One reason they could barely feed themselves was due to the small scale of the family’s plantation - just 1.2 acres. The other 7 acres her family had were covered in thick forest trees, vegetation, and boulders. At age 14, Ngawang felt the family needed to expand into this area. For three months, she singlehandedly cleared the forest area and prepared the soil. Neighbors helped her in removing boulders and storing the limestone and granite material. With this new land, her family began to plant other crops, such as radishes, onions, and garlic, that they tried to sell in the market.

But running a farm at such a young age was too much. By the age of 16, she married - not out of love, but to get another pair of hands in the field. A mother at 17, she then began to take on additional work as a laborer at a nearby road construction site for which she was paid just 20 Rupees a day.

The marriage, however, did not work out after her husband left her for another woman just three years later. Months later, her brother, just 10, was swept away by a flood and after years of abuse, her mother divorced her father. “This was the most difficult time of my life. I was working as a laborer, trying to raise my children, and manage the farm. But I had to keep going.”

Ngawang’s life took a turn, however, after she found a buyer for the limestone and granite that she’d stored. The windfall from the sale enabled her to invest for the first time in her life.

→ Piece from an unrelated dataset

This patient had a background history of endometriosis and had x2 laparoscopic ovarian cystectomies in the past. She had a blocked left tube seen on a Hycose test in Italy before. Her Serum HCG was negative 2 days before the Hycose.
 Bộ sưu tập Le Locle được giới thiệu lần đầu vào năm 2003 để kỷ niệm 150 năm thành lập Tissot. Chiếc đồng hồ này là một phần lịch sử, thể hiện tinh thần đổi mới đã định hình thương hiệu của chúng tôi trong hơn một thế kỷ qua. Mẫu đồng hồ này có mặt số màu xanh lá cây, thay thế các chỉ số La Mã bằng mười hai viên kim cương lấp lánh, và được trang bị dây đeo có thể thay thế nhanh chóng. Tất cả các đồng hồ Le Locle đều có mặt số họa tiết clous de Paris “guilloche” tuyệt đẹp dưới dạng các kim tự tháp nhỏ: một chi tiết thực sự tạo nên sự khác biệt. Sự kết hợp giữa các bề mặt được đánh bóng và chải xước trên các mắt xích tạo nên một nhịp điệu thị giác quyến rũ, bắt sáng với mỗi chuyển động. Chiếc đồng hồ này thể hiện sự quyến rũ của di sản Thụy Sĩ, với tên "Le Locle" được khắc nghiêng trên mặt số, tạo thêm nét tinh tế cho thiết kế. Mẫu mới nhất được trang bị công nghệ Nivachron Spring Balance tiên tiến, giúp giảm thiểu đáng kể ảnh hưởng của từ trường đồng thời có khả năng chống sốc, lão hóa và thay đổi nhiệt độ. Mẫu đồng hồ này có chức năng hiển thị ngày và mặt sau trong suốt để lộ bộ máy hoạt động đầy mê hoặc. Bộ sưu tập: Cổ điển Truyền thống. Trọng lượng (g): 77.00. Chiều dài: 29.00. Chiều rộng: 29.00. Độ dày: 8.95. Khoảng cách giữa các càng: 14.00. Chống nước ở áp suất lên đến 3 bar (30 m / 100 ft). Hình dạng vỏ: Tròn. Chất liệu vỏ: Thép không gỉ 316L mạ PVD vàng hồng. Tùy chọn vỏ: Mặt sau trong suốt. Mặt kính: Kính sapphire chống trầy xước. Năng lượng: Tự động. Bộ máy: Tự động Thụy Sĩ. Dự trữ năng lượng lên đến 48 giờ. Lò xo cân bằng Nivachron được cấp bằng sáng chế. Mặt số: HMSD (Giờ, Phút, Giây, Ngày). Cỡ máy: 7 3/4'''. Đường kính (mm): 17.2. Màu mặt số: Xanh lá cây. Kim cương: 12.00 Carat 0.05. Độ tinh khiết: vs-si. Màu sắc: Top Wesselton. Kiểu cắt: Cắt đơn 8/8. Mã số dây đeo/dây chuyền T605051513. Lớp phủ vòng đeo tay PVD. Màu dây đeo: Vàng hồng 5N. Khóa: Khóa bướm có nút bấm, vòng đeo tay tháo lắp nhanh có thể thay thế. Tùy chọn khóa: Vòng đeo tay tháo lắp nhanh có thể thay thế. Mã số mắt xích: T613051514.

She bought materials for a house so that she could move her family from the huts they were living in, purchase a Jersey calf to produce milk, and bring her crops to sell at markets and at a nearby school. She also found a caring and hard-working husband who freed her to quit her job as a laborer, work less in the field, and enter into other ventures.

In the winter of 2010, her next venture found her at a village meeting – the topic was hazelnuts. “From the beginning, I knew it was going to be a good opportunity for my family. They were giving trees for free, providing training on how to plant, and regularly coming to our fields for monitoring. We had never experienced anything like this before.”

Starting in 2011, she began planting on 1.5 acres. She tended the plants obsessively, checking on them twice a day to observe and report any damage. At night, she sometimes stayed up just to check whether any deer were near the field to chew away at her baby plantlets. “My mother often complained, ‘You’re always spending so much time with those hazelnuts. Why don’t you just move your bed out by the hazelnuts?’ And I would tell her, ‘This is for the future, Ama. This is for my children.’”

Her persistence has paid off. Today Ngawang possesses one of the most impressive hazelnut fields in Bhutan. After a minor pest outbreak in 2013, she replanted and has a field with 100% vigorous growth. Just by looking at the leaves and the soil, she can assess what problems the plant may have and reports them immediately to her field monitor, Dorji, with whom she has grown very close. She doesn’t just want her family to benefit from her anticipated harvest. As the “community-based representative” of her area - Phosorong - she advocates about hazelnut farming to other farmers and addresses any concerns they may have.

“Some of them are skeptical since it has never been done. But I just show them my field and they become interested.” Her dreams are centered on the education of her children. “I have been through a lot in my life and I don’t want my children to have to go through what I did. I want to save for my children’s education so they can prosper.”

She is also finding time to go to class for the first time. Recently, she joined a Dzongkha class for adults so that she could learn how to read, write, and speak the national language (she only speaks the Eastern dialect, Sharchop). “Every time I go to town, I feel frustrated that I can’t read the signboards. I want to learn our national language. So I study the alphabet every day when I milk the cows.”